-- Activity --
The first line of the entries is where the copy starts and the line with "Удлинитель 2 гнезда" is where it ends; set down each line exactly, both ends included, and drop pictures.

-- Source material --
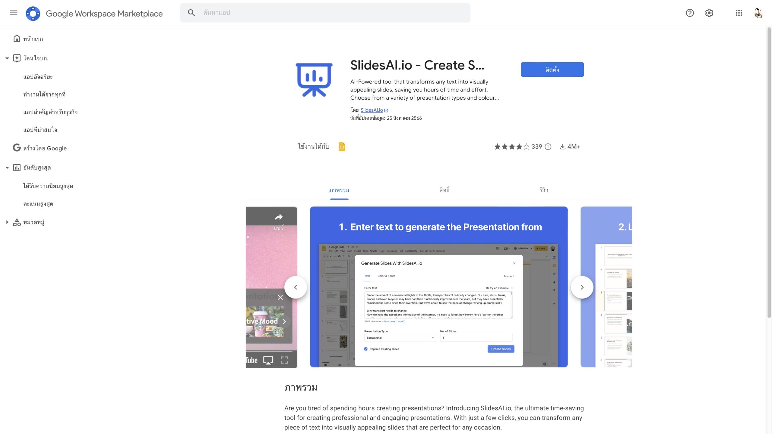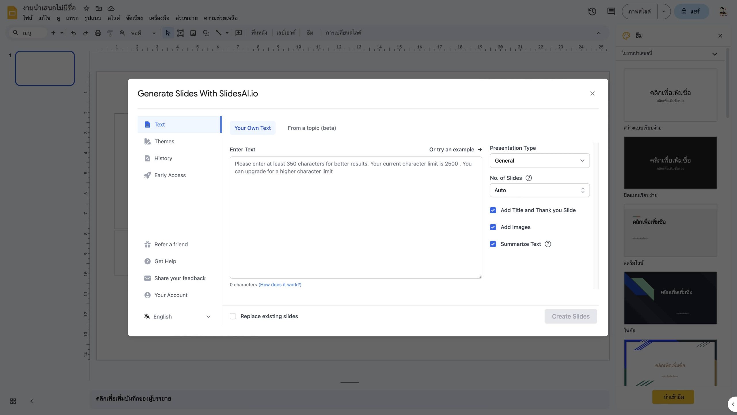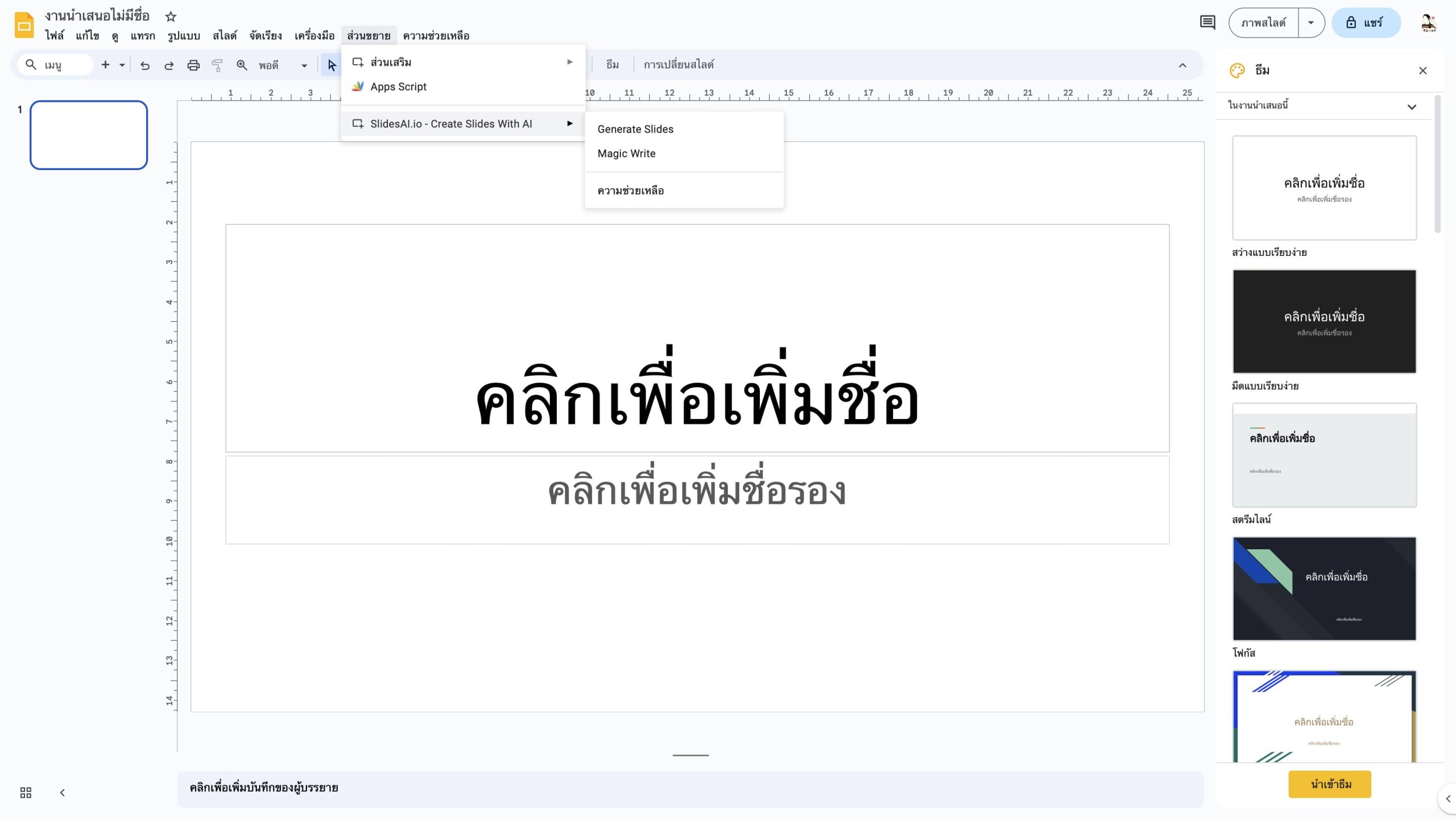 แล้วให้เรา กดส่วนขยาย > SlideAI.io > Generate Slides เพื่อเป็นการเปิดใช้งานเครื่องมือ
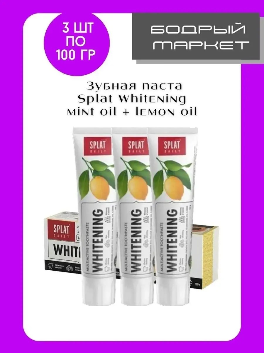 Комплект 3шт. Мультиактивная зубная паста Mint oil+ lemon oil Whitening Эффективное очищение, Мятное освежение и Осветление эмали. Содержит: Эфирные масла лимона и мяты перечной, натуральные эфирные масла лимона и мяты перечной, что обеспечивает свежесть дыхания, снижение кровоточивости дёсен, отбеливание зубов. Обладает антисептическим действием. Лимонная зубная паста. Цитрусовая зубная паста. Мятная зубная паста.
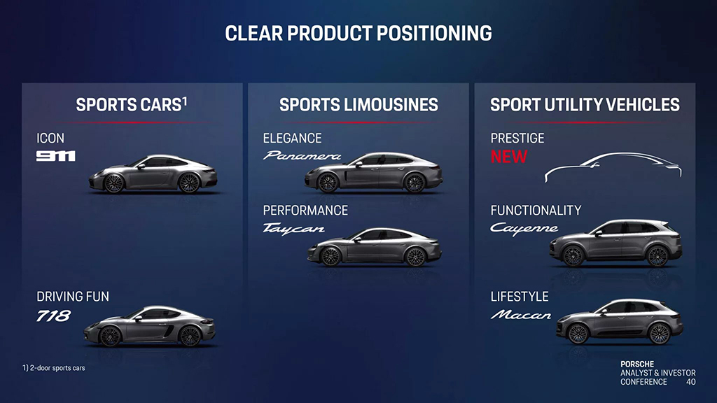 Một trong những thay đổi lớn nhất là mẫu SUV siêu sang có tên mã K1, được định vị cao hơn Cayenne. Ban đầu, mẫu xe này chỉ được lên kế hoạch chạy điện hoàn toàn, nhưng giờ đây sẽ được ra mắt với tùy chọn động cơ đốt trong và hybrid sạc điện (PHEV). Tương tự, các dòng xe xăng như Panamera và Cayenne sẽ tiếp tục sử dụng động cơ đốt trong và hybrid đến những năm 2030.
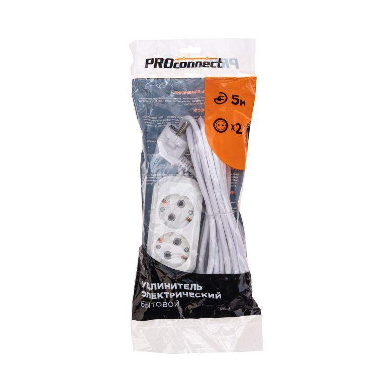Удлинитель 2 гнезда 5м 3х0.75кв.мм с/з бел. PROCONNECT 13-4204 фото в каталоге от BTSprom.by
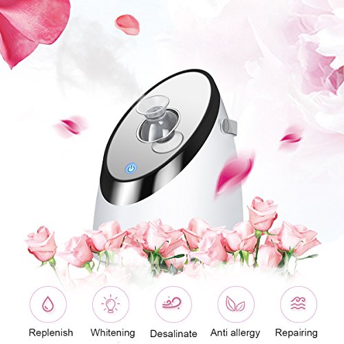-. Feature : SPA-LIKE FACIAL TREATMENT: constructed of ABS; this facial steamer produces nano-sized steam particles that is 10x more effective in penetrating your skin than normal steam, letting you enjoy spa-like facial sauna treatments at home with ease / GIVES YOU A CLEAN, HEALTHY LOOKING SKIN: it turns clean water into micro-fine particles to produce tepid nano-sized mist that opens your pores for easier facial cleansing and makeup removing, moisturizes and softens your skin, melts away dead skin cells to make nutrients more absorbable for the skin / CONVENIENT: the nozzle can rotate 45° up and down to direct the steam to you no matter you are sitting higher or lower; built-in portable handle for easy carrying; built-in front mirror allows you to apply mask easily and assimilate mask essence better after steaming / EASY TO USE: a simple touch switch for turning on/off; only takes 15 seconds to warm up; a 70ml water tank gives you around 15 minutes of steaming and is whisper quiet when working; the tank is see-through so you can see when it runs out of water / YOUR SAFETY FIRST: this steamer has a 70 ml water tank and will automatically shut off when the water runs out to avoid overheating; it is recommended to use 10 minutes each time and maximum of 2 to 3 times per week
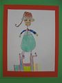 Looks like your elf is busy gathering gifts for Santa's sleigh. What's your elf's name? She/he has a nifty hat--nice work on how it looks folded/angled on top of head.
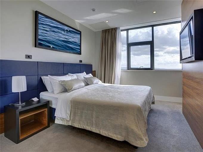 Deluxe 2/3 M - pokój z łóżkiem małżeńskim i dostawką w postaci rozkładanej sofy, łazienka z prysznicem lub wanną, widok na morze
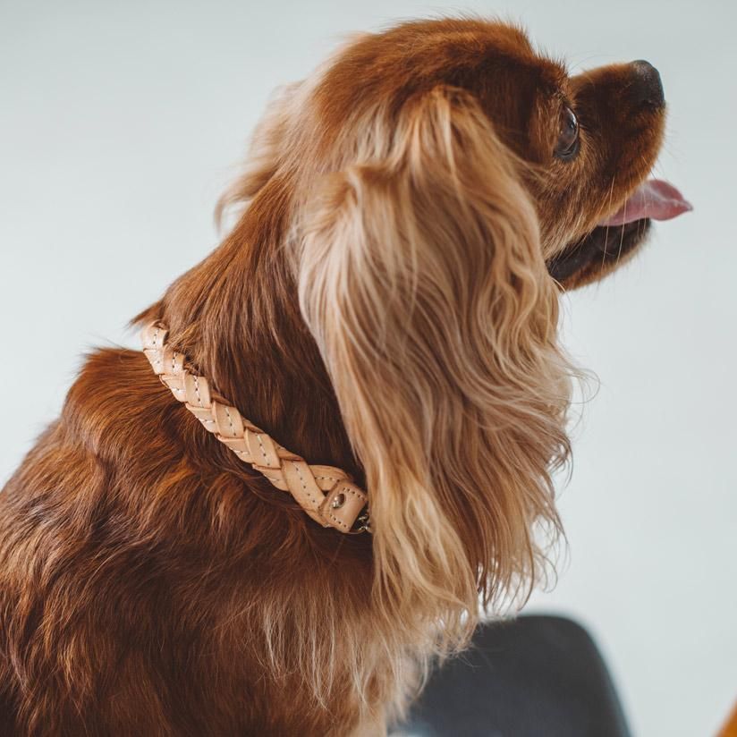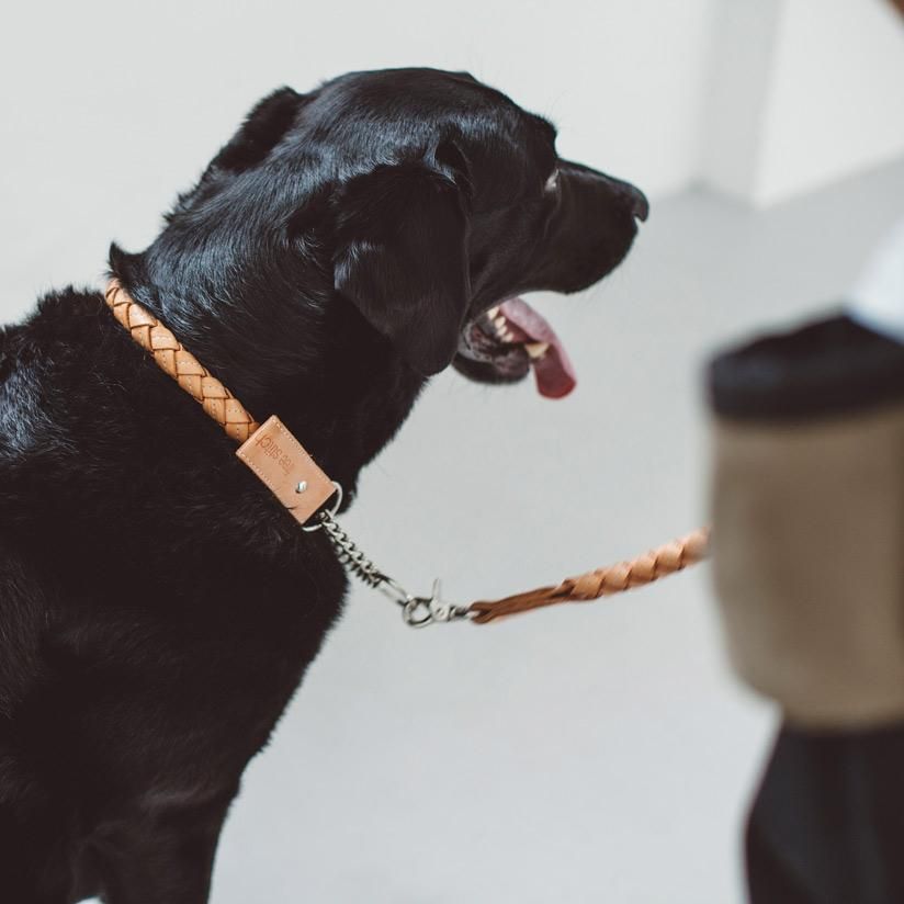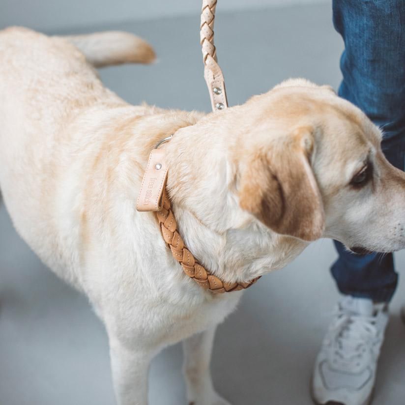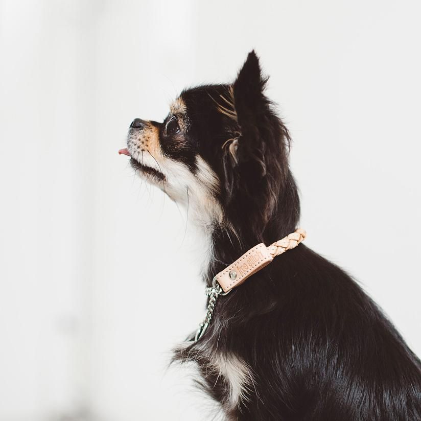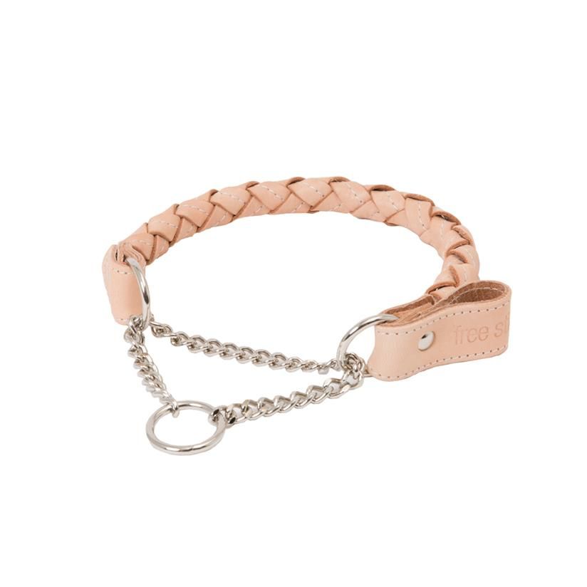free-stitchオリジナルのシンプルなハーフチョーク。人気のヌメ革を編み込んでで作り上げた逸品です。 アメ色に変わっていく様子を愛犬の成長と一緒に楽しんでみませんか。
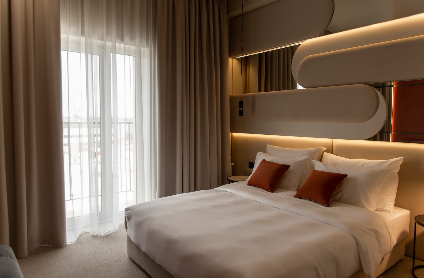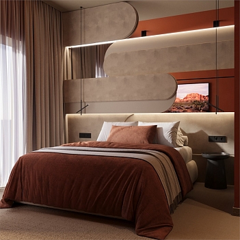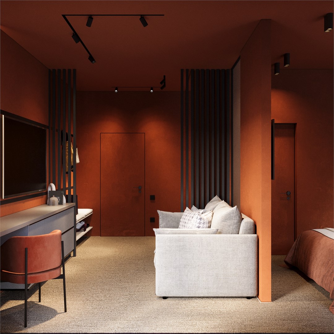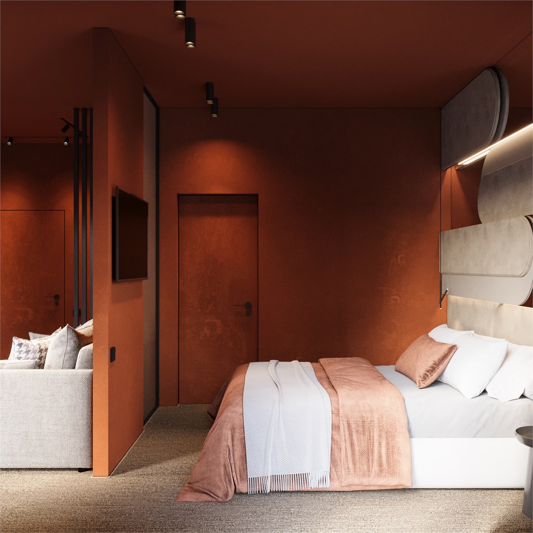 В номере: вешалка, диван, кровать двуспальная, прикроватные столики, стол, столик туалетный, стул, шкаф, кондиционер, телевизор, холодильник, чайная станция
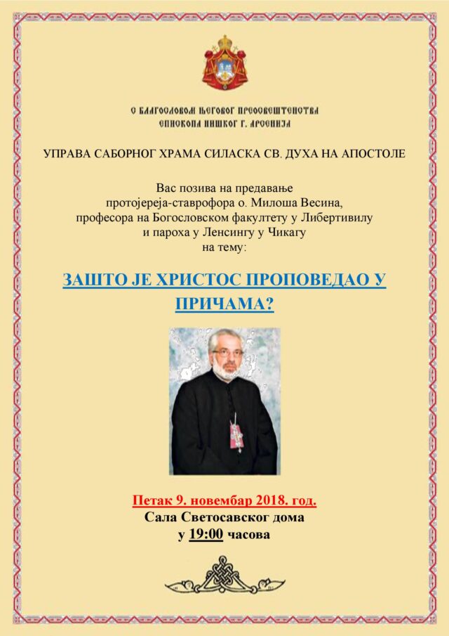 Sa blagoslovom Njegovog Preosveštenstva Episkopa niškog G. G. Arsenija, u sali Svetosavskog doma Sabornog hrama u Nišu, u petak, 9. novembra 2018. godine, od 19 sati, biće održano predavanje visokoprečasnog protojereja-stavrofora dr Miloša M. Vesina na temu “Zašto je Hristos pripovedao u pričama?”.
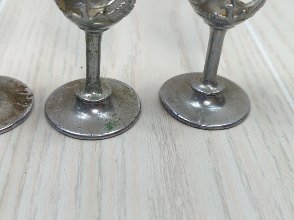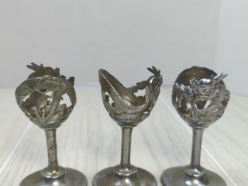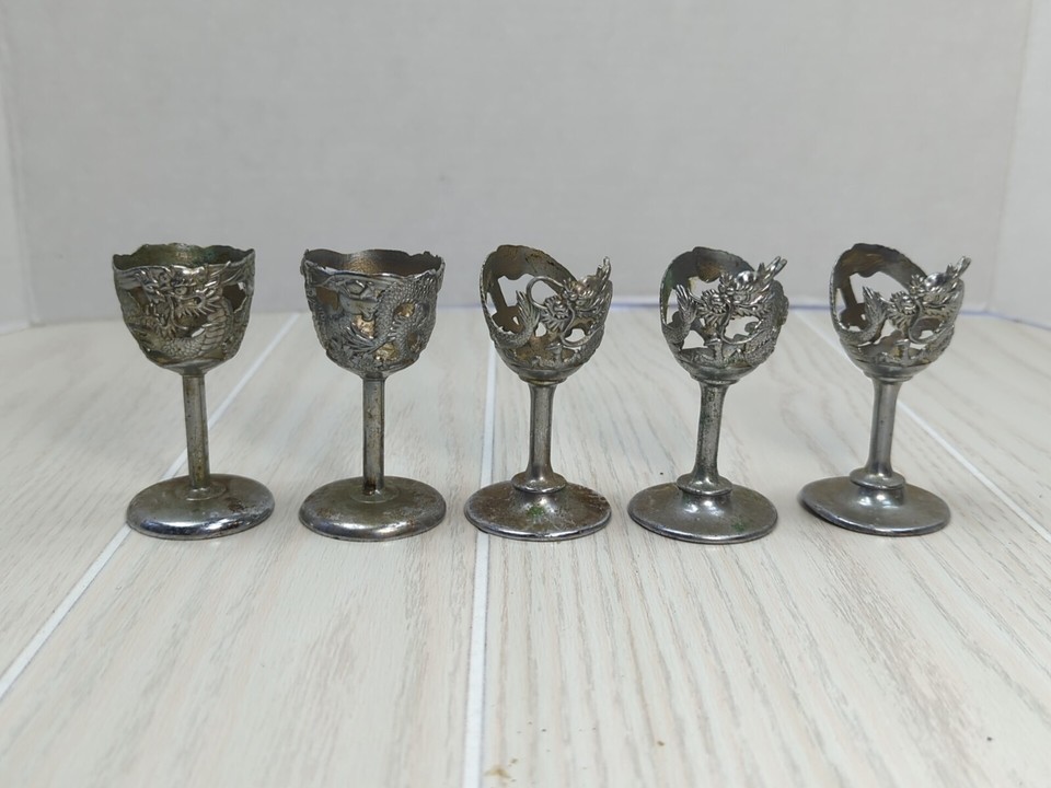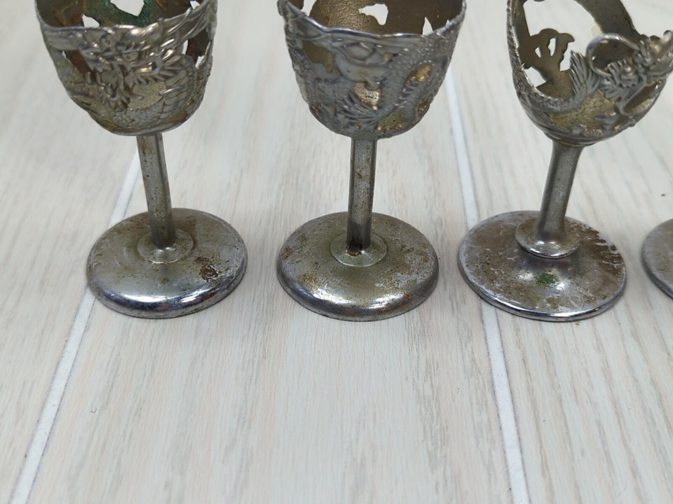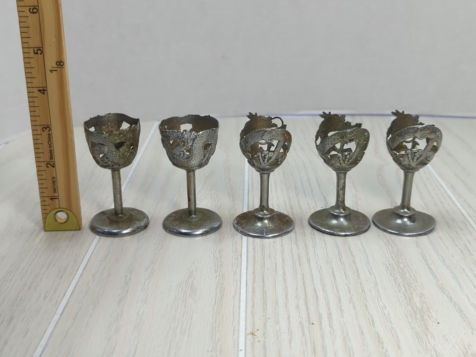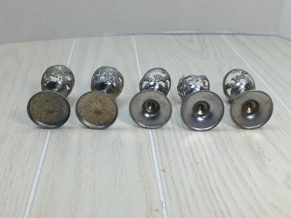 Silver tone Art Deco Dragon Serpent 5 Cordial Glass holders 2 designs
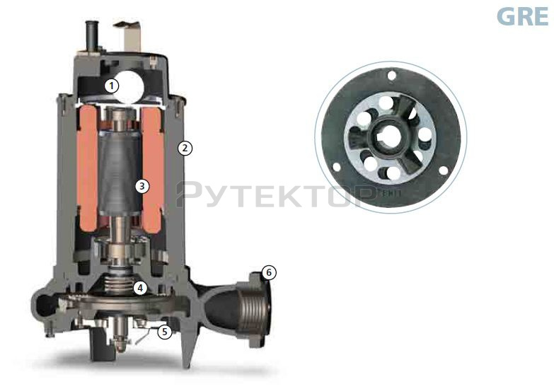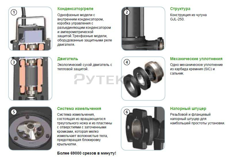 Насос предназначенный для погружной работы, Комплект уплотнений, состоящий из 1 механического уплотнения из карбида кремния и 1 сальника. Экологический двигатель сухого типа.
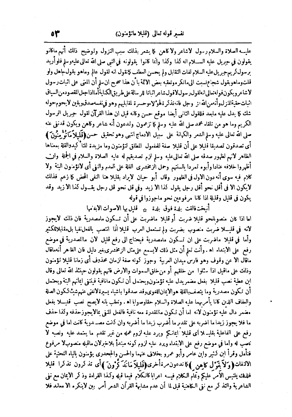 وتعقب بأنه لا يصح نصب قليلا بفعل مضمر دال عليه تؤمنون لأنه إما أن تكون ما المقدرة معه نافية فالفعل المنفي بما لا يجوز حذفه وكذا حذفه ما فلا يجوز زيدا ما أضربه على تقدير ما أضرب زيدا ما أضربه وإن كانت مصدرية كانت إما في موضع رفع على الفاعلية بقليلا أي قليلا إيمانكم ويرد عليه لزوم عمله من غير تقدم ما يعتمد عليه ونصبه لا ناصب له وأما في موضع رفع على الإبتداء ويرد عليه لزوم كونه مبتدأ بلا خبر لأن ما قبله منصوب لا مرفوع فتأمل

-- Your response --
 แล้วให้เรา กดส่วนขยาย > SlideAI.io > Generate Slides เพื่อเป็นการเปิดใช้งานเครื่องมือ
 Комплект 3шт. Мультиактивная зубная паста Mint oil+ lemon oil Whitening Эффективное очищение, Мятное освежение и Осветление эмали. Содержит: Эфирные масла лимона и мяты перечной, натуральные эфирные масла лимона и мяты перечной, что обеспечивает свежесть дыхания, снижение кровоточивости дёсен, отбеливание зубов. Обладает антисептическим действием. Лимонная зубная паста. Цитрусовая зубная паста. Мятная зубная паста.
 Một trong những thay đổi lớn nhất là mẫu SUV siêu sang có tên mã K1, được định vị cao hơn Cayenne. Ban đầu, mẫu xe này chỉ được lên kế hoạch chạy điện hoàn toàn, nhưng giờ đây sẽ được ra mắt với tùy chọn động cơ đốt trong và hybrid sạc điện (PHEV). Tương tự, các dòng xe xăng như Panamera và Cayenne sẽ tiếp tục sử dụng động cơ đốt trong và hybrid đến những năm 2030.
Удлинитель 2 гнезда 5м 3х0.75кв.мм с/з бел. PROCONNECT 13-4204 фото в каталоге от BTSprom.by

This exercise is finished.